On the back verandah was a charcoal cooler in which they kept butter. It was a simple timber frame with charcoal-filled sides kept continually moist so the warm air drawn through the charcoal evaporated and thus cooled it down. It was about as basic as you could get and Hazel was amused decades later when the climate-change lobby took up the idea as something they had invented. They used powdered milk and bought meat as they needed it. Hazel was just thrilled when they could afford a second-hand fridge.
It was probably the cleanest fibro shack in the country. Hazel loved keeping it spotless and cleaning everything. Visitors commented how it always smelt of polish. Outside, the small garden was bright with zinnias. The best thing was that she was so happy being with Bill and if that was how love felt, it was something very special. Bill loved taking care of his yo
ung bride and they slipped into married life easily. They were like kids playing at being grown-ups and it was fun.
Some evenings when they sat on the back verandah, resting after the meal that Hazel had lovingly made, she could smell the dry red soil as she breathed in deeply through her nose. It was as fragrant as any flowers and for the first time in her life, she felt that her soul was at peace. She was proud of what she had created with Bill. They liked being together in what felt like their little world. If only the outside wouldn’t intrude.
One person who never visited their new home was Dulcie. She could look down and see her daughter’s married home from the family’s cottage further up the hill but Hazel never invited her to come inside and Dulcie was far too proud to ask. However, there were times Hazel could feel her mother’s eyes on her even from that far away.
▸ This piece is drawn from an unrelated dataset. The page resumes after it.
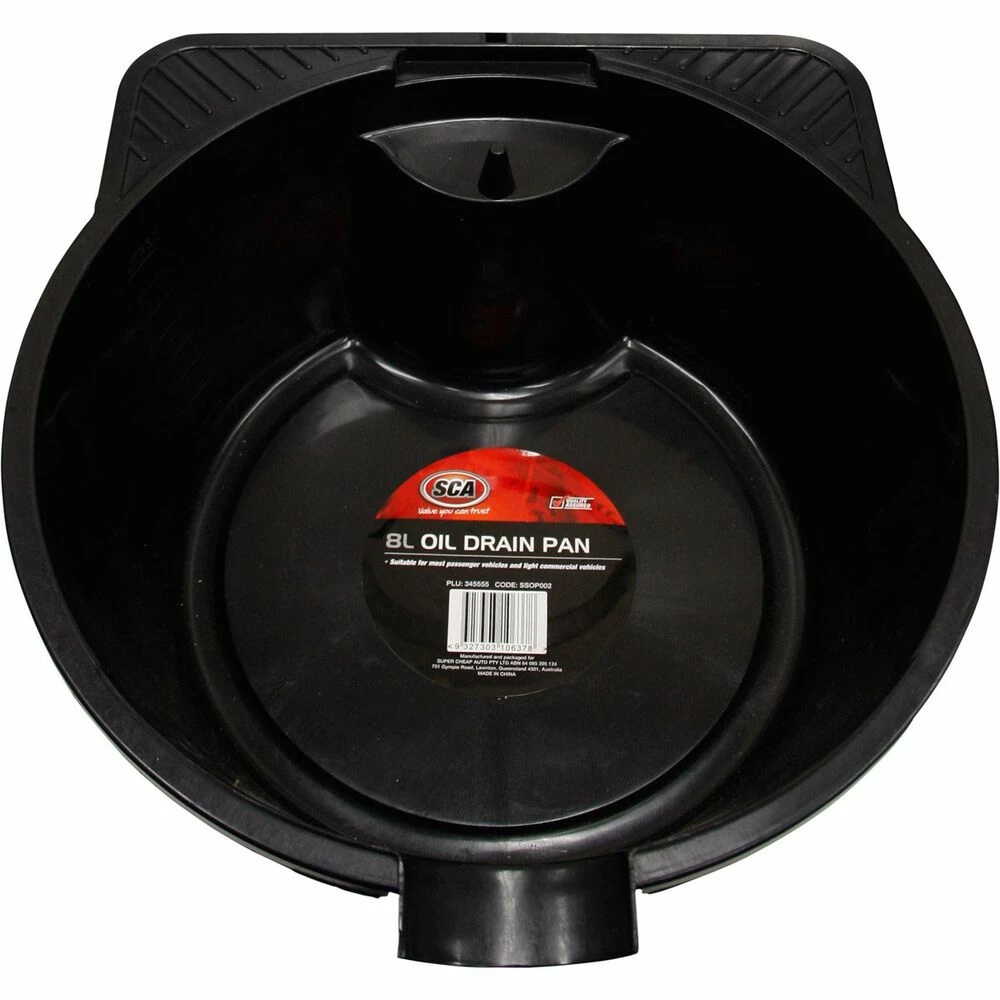 Draining engine and driveline oil is easy enough, but how to catch it? SCA has your back with an oil drain pan to suit every vehicle. SCA oil drain pans come in 5, 8, 13, and massive 18 litre sizes β great for everything from motorcycles to cars, and even small trucks. The three smaller pans feature a drain post on which the used oil filter can drain, and when the whole job is done β each pan has an integrated pourer; making it easy to dispose of the waste oil. Use it for every service; or place it to catch oil leaks and prevent stains. An SCA drain pan is a staple in every service kit.

Dulcie hated losing control of her daughter and when Harry told her that a job had come up for a general hand at the aerodrome, she told him to ask Bill if he wanted it. It sounded easier than farm work and Bill accepted. Hazel even wondered — ever so fleetingly as it turned out — if Dulcie had softened because she was being nice to Bill. Some evenings after work at the hospital, Hazel and Bill even had dinner at the Court House Hotel where Dulcie worked. There were no takeaways in those days.